Typical turbine blade design systems are based on parametric studies and engineering experience. Best practices use feedback from manufactured hardware to additionally create producible designs and establish tolerances. Often there is a large gap in understanding of true hardware variation and the ability to describe and analyze it without over simplification. Previously, hardware inspections that feed analyses were limited based on Coordinate Measurement Machines (CMM) point inspection, optical measurements or gages designed to measure specific features. Those details were input into parametric models in an attempt to quantify the impact of hardware variation. Each measurement method has its limitations including accuracy and methodology which can affect the evaluation results. With the advent of 3D scanning, the complex 3D nature of airfoil designs can be described accurately with minimal simplification or assumptions. Actual hardware can be analyzed and assessed for design requirement compliance. In this study, 3D structured light inspection technology is used to assess aerodynamic performance and mechanical durability variation on a statistical sample of actual production hardware.
A Honeywell designed auxiliary power unit second stage uncooled turbine rotor was used as a test case for this study. Thirty-five (35) blade castings randomly selected from three different casting mold lots were scanned using structured light to capture manufacturing process variation. The 3D scanning was completed using controls and robust scanning techniques certified for metrology use. Scans were assessed according to manufacturing requirements and correlated to aerodynamic and mechanical requirements using nominal machining geometry based on datum alignments.
Analyses were performed using STAR-CCM+ for aerodynamic performance and ANSYS for mechanical durability. The designed nominal geometry was used as a baseline for comparison. HEEDS was used to automate the aerodynamic analysis process — replacing the baseline model with the scanned data, merging the new geometry with the base model, meshing, applying boundary conditions, and solving in remote Linux clusters. The automation process achieved a significant reduction in cycle time from several weeks to a few days.

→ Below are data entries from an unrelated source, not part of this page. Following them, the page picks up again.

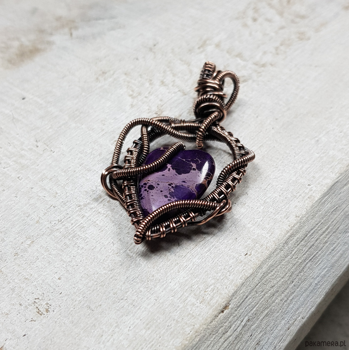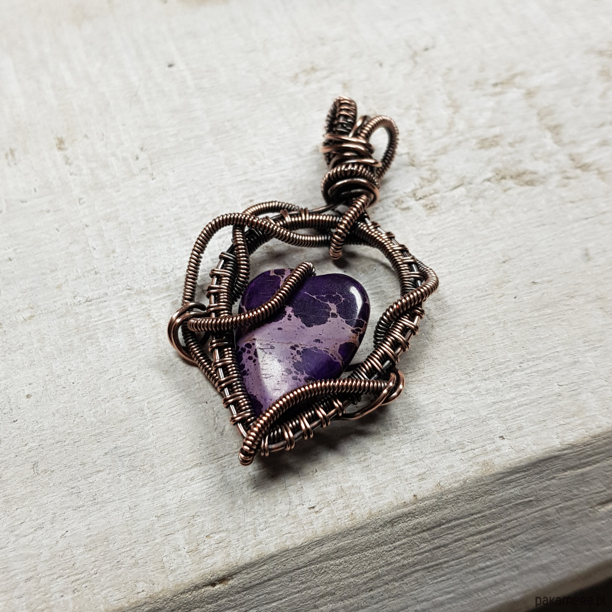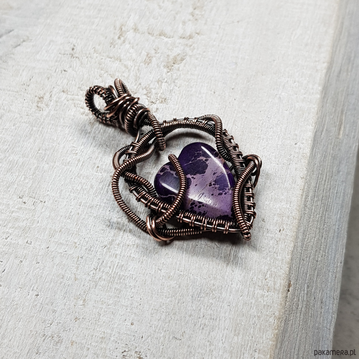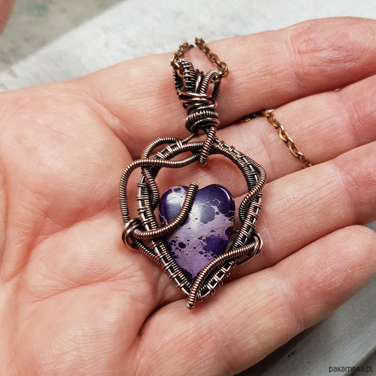 Zawieszka wykonana ręcznie metodą wire-wrappingu której głównym elementem jest naturalny jaspis w kształcie serduszka w kolorze fioletu. Do wykonania wisiorka użyłam drutu miedzianego, który następnie zaoksydowałam i wypolerowałam w celu uzyskania efektu szlachetnego postarzenia. Wymiary zawieszki 50x29mm z łańcuszkiem długości około 45-50 cm. Wisiorek ma bardzo ładne, wymyślne sploty, natomiast dzięki barwie i asymetrii jest nowoczesny.
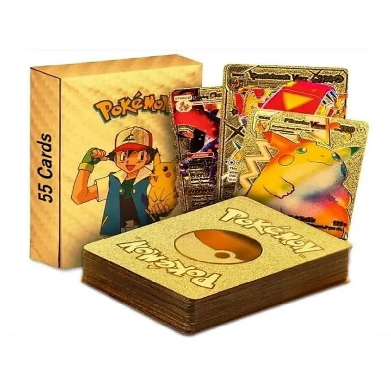 AL ATASH 55 PCS Pokemon Cards, Gold Foil Card, Assorted Cards Deck Box - V Series Cards (Gold)
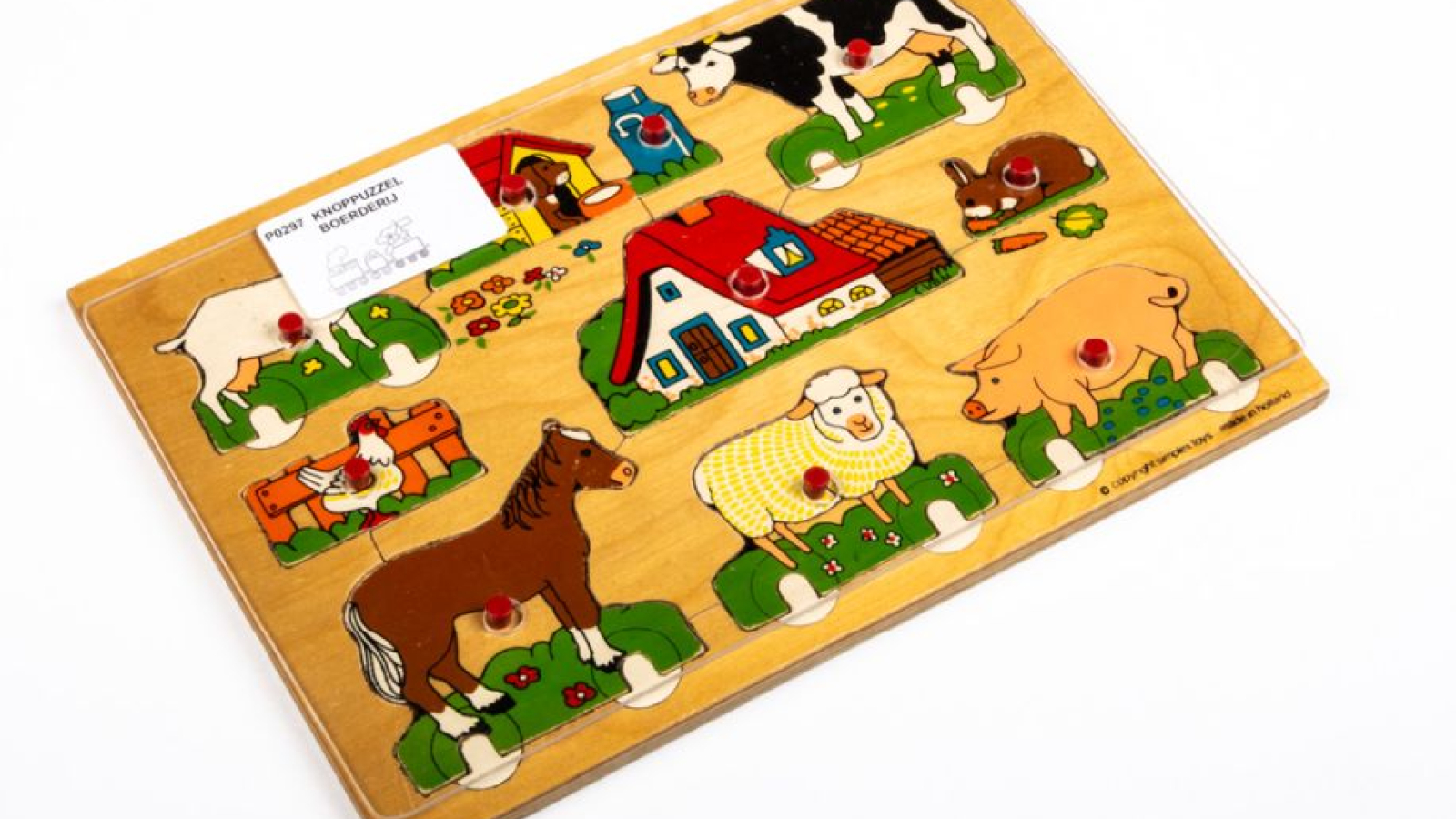 Knoppuzzel met 10 figuren rond het thema van de boerderij.
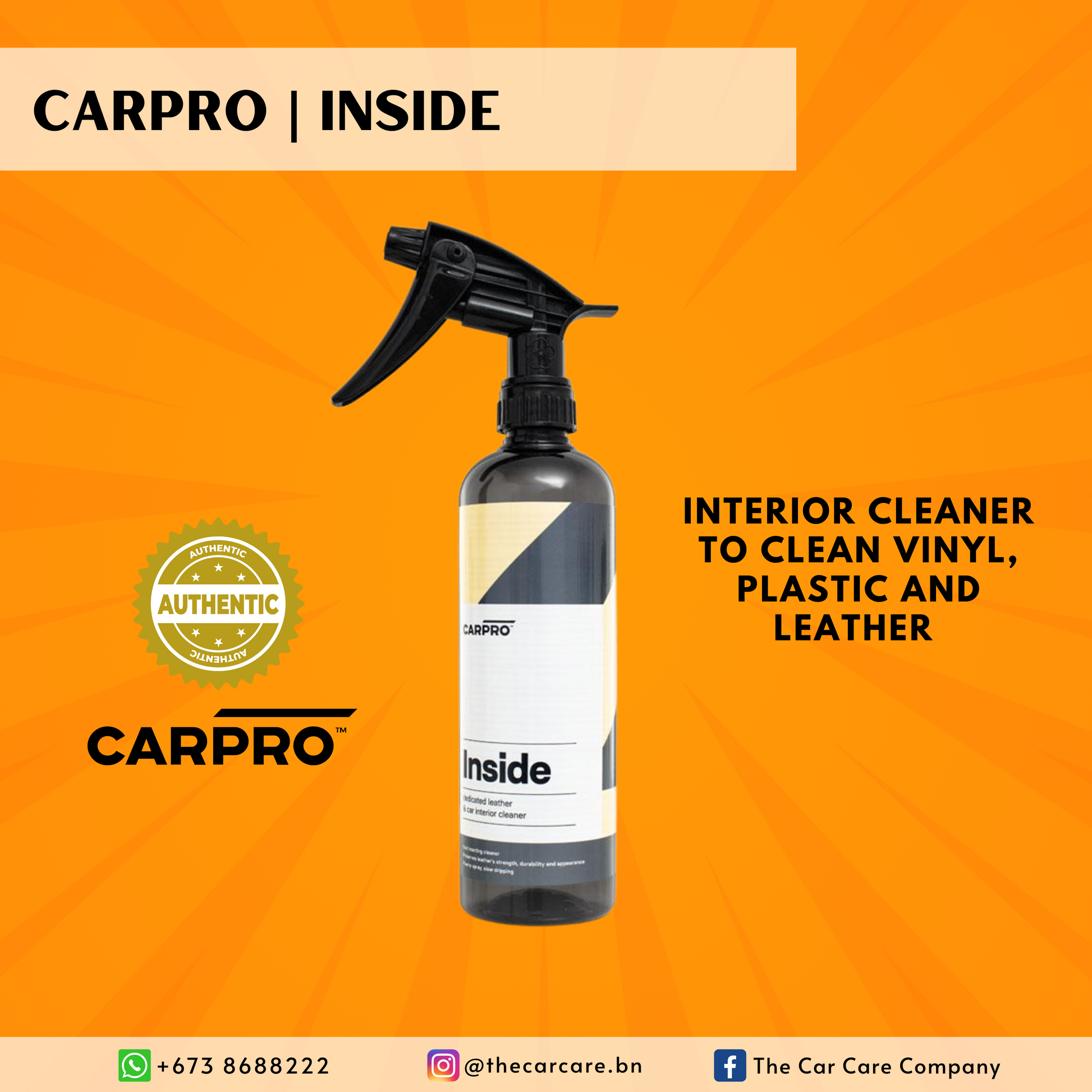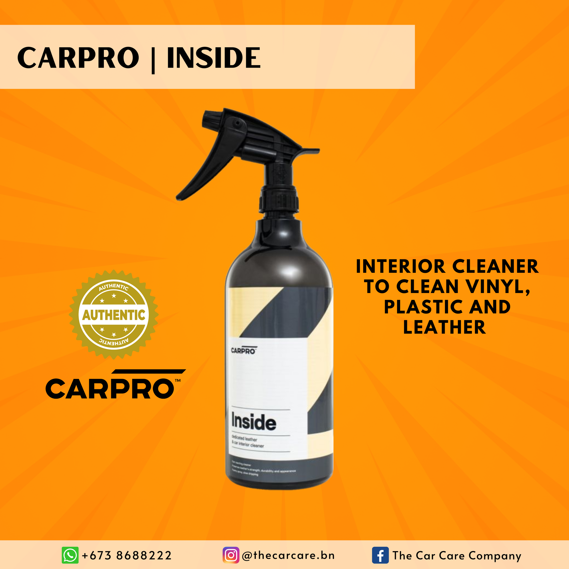 Introducing CARPRO Inside! An excellent new cleansing solution infused with organic essentials for vehicle interiors of many shapes and sizes! Inside is specially formulated to clean vinyl, plastic, finished leather and a variety of interior surfaces! Utilising a high foaming mix of proprietary surfactants and gentle detergents, CARPRO Inside is able to easily remove built up dirt, sweat, oils, and all manner of soiling on interior surfaces. The heavy foaming action allows perfect saturation of heavy dirt even when using a brush while the strong cleaners allow you to cut it 1:1 for typical soiling. Use as is for extra strength interior cleaning.
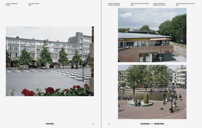 Spread from ’The Mayor’ detailing the various views from the offices of mayors, including (clockwise from left) Jos Som, Patrick van den Brink and Eberhard van der Laan
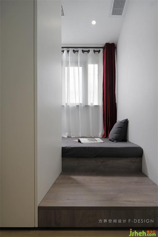 之前的書房融進(jìn)了臥室里,這個(gè)空間采取榻榻米設(shè)計(jì)。榻榻米的設(shè)計(jì)使空間變得多功能用途。原來的圍墻做成了L型衣柜,圍起來的空間滿滿的安全感。
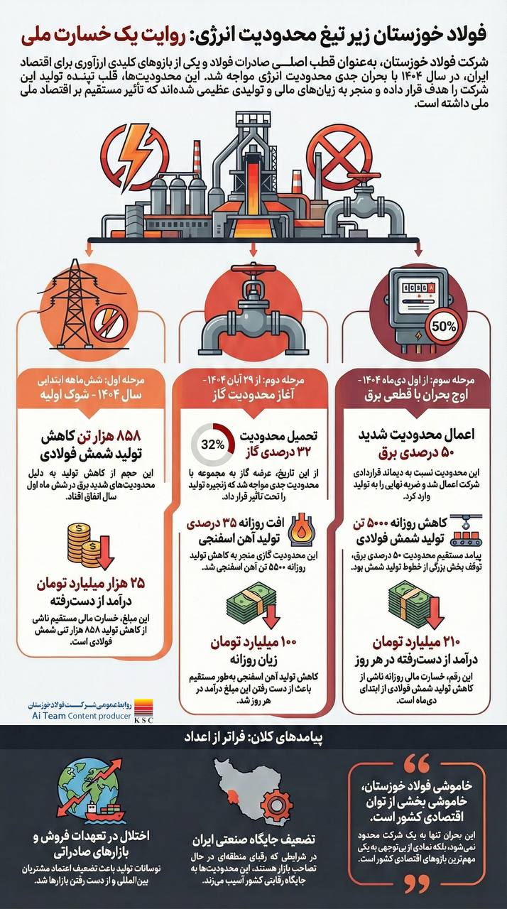 به گزارش پترومتالز، شرکت فولاد خوزستان به عنوان قطب اصلی صادرات فولاد و یکی از بازوهای کلیدی ارزآوری برای اقتصاد ایران در سال ۱۴۰۴ با بحران جدی محدودیت انرژی مواجه شد. این محدودیتها قلب تپنده تولید این شرکت را هدف قرار داده و منجر به زیانهای مالی و تولیدی عظیمی شده اند که تأثیر مستقیم بر اقتصاد ملی داشته است.

Similarly, the same structured light scan data was used to evaluate mechanical durability in ANSYS. Scan data was aligned to machining datums, boolean cut with nominal CAD machining geometry and directly converted to solid models using SpaceClaim. The solid model was meshed in ANSYS and merged onto the baseline FEA model for solving. Macros were used to automate the analysis process of each part scan and output stresses at critical locations for durability assessment.
Using a combination of analytical tools and actual scan hardware, the impact of manufacturing variation could be understood. Integrating scan data directly to analysis reduces engineering assumptions and gives a better understanding of reality.